The project funding started in September 2020, and the first participant started their baseline assessment in June 2022. A significant time-consuming part of this project was harmonizing the protocol across the two research networks. The data flow infrastructure took about one year to put in place and test. The core DataOps infrastructure team consists of two research engineers and one junior faculty. Additionally, domain-specific engineers/researchers were involved in establishing QC and processing pipelines. As a general rule, each domain requires one dedicated engineer and one scientific advisor. Once the project is ongoing, a minimum of two full-time engineers are needed to maintain and monitor data operations. Each data domain requires one dedicated technical staff to optimize processing pipelines and QC processes. Replicating this infrastructure for a different project would take 3–6 months before being operational, but if new pipelines are needed or a new protocol is put in place, the time to production would be 6–12 months depending on the complexity of the changes.

Discussion

This complex project highlights the need for a flexible and agile infrastructure to enable the continuous flow and quality assurance of heterogeneous multimodal data. We have implemented an innovative framework capable of managing a federated data capture ecosystem from two research networks with sometimes fundamentally different data management designs. Data are harmonized following best practices from the NDA and disseminated to the community following an open science approach to maximize the impact of the largest prospective study in this population. One critical aspect of the data operations framework is the continuous flow of data and information both forward and backward across all partners. We aim to provide feedback and address data missingness and data quality concerns as quickly as possible to ensure no major issues are discovered months after data acquisition. This has necessitated the coordination and hard work of a community of over 150 scientists and research staff worldwide. We are continually learning and experimenting to improve our processes and workflows, including adding more telemetry of the entire data management infrastructure to ensure faster detection of issues, implementing and revising QC procedures to reduce manual checks and including more cross-modality information, as well as working with domain experts to improve processing pipelines.

While our infrastructure has shown to be invaluable for ensuring superior data quality and smooth data flow, it does have limitations and challenges. One important challenge was that ProNET, PRESCIENT and DPACC each sent a funding proposal with different designs and study protocols. As a result, the better part of the first year was spent on coordinating the design of a single harmonized protocol for the entire study. This meant, in some cases, changes in planned data capture systems (e.g., EEG hardware or smartphone data capture), schedule of assessments, and more. This involved coordinating 100+ scientists across the globe, and it took almost two years before we could test the first participant.
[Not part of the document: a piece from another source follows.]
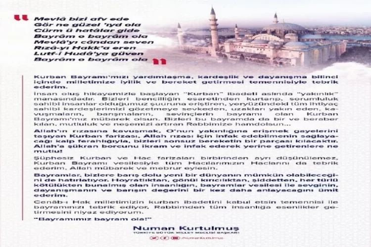 ANKARA, (DHA)- TBMM Başkanı Numan Kurtulmuş, "Bizleri bencilliğin esaretinden kurtarıp, sorumluluk sahibi insanlar olduğumuz şuuruna eriştiren, yeryüzündeki tüm ihtiyaç sahibi kardeşlerimizi gözetmeye sevk eden, uzakları yakın eden, kavuşmaların, barışmaların, sevinçlerin bayramı olan Kurban Bayramı’mız mübarek olsun" dedi. TBMM Başkanı Kurtulmuş, Kurban Bayramı vesilesi ile Twitter hesabından tebrik mesajı yayımladı. Kurtulmuş, Alvarlı Muhammed Lütfi Efendi'nin 'Can Bula Cananını Bayram O Bayram Ola' şiirinden bir kesit paylaşarak, "Kurban Bayramı'mızı yardımlaşma, kardeşlik ve dayanışma bilinci içinde milletimize iyilik ve bereket getirmesi temennisiyle tebrik ederim. İnsan oluş hikayemizle başlayan kurban ibadeti, aslında yakınlık manasındadır. Bizleri bencilliğin esaretinden kurtarıp, sorumluluk sahibi insanlar olduğumuz şuuruna eriştiren, yeryüzündeki tüm ihtiyaç sahibi kardeşlerimizi gözetmeye sevk eden, uzakları yakın eden, kavuşmaların, barışmaların, sevinçlerin bayramı olan Kurban Bayramı'mız mübarek olsun. Bizleri bu bayramda da bir ve beraber kılan, mutluluk ve neşemizi artıran rabbimize hamdolsun. Allah'ın rızasına kavuşmak, O'nun yakınlığına erişmek gayelerini taşıyan kurban farizası, Allah rızası için infak edebilmenin sağlayacağı kalp ferahlığıyla, bizleri sonsuz bereketin bir parçası kılacaktır. Allah'a şükran borcunu ikram ve infak ederek yerine getirenlere ne mutlu" ifadelerini kullandı. 'BAYRAMLAR BARIŞ DOLU, YENİ BİR DÜNYANIN OLABİLECEĞİNİ DE HATIRLATIYOR' Kurban ve hac farizalarının birbirinden ayrı düşünülemeyeceğini kaydeden Kurtulmuş, "Kurban Bayramı vesilesiyle tüm hacılarımızın haclarını da tebrik ederim. Allah mübarek ve mebrur eylesin. Bayramlar, bizlere barış dolu yeni bir dünyanın mümkün olabileceğini de hatırlatıyor. Hoyratlıktan, gönül kırıcılıktan, şiddetten, her türlü kötülükten bunalmış olan insanlığın, bayramlar vesilesi ile sevginin, dayanışmanın ve barışın değerini bir kez daha anlayacağını ümit ederim. Cenab-ı Hak milletimizin kurban ibadetini kabul etsin temennisi ile bayramınızı tebrik ediyor, Rabbimden tüm insanlığa esenlikler getirmesini niyaz ediyorum. 'Bayramımız bayram ola'" mesajını paylaştı. (DHA)

Information systems also often fail in subtle ways, and monitoring all possible data transfer issues over three separate infrastructures is challenging and can lead to undetected partial data flow interruption. We also spent significant time designing custom visualization tools, even though existing tools such as Microsoft Power BI or Tableau would have likely met our needs with less programming overhead.
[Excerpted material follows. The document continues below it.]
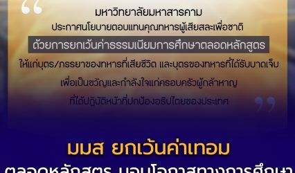 ข่าวเด่นนักเรียน มมส ยกเว้นค่าเทอมตลอดหลักสูตร มอบโอกาสทางการศึกษาให้ครอบครัวทหารผู้เสียสละเพื่อชาติ EZ Webmaster August 2, 2025 มหาวิทยาลัยมหาสารคาม ตระหนักถึงความสำคัญของการเสียสละเพื่อรักษาอธิปไตยของชาติ และเพื่อเป็นการแสดงความขอบคุณและตอบแทนในความกล้าหาญของทหารหาญ ผู้ปฏิบัติหน้าที่ในการปกป้องผืนแผ่นดินไทย มหาวิทยาลัยจึงขอสนับสนุนด้านการศึกษาแก่ ครอบครัวผู้เสียสละ ประกอบด้วย บุตรและภรรยาของทหารผู้เสียชีวิต และบุตรของทหารผู้ที่ได้รับบาดเจ็บ จากเหตุการณ์ความไม่สงบในพื้นที่ชายแดนไทย-กัมพูชา วันนี้ (1 สิงหาคม 2568) รองศาสตราจารย์ ดร.ประยุกต์…

The immediate future steps of the data operations team for this project will be to curate derived data from several data types (e.g., brain volumes, language features, daily activity summaries, EEG peak amplitudes, etc.) that will be used by the data analysis group for the overarching goal of AMP SCZ to generate tools that will fast-track the development of effective, early-stage treatments for people who are at risk for schizophrenia.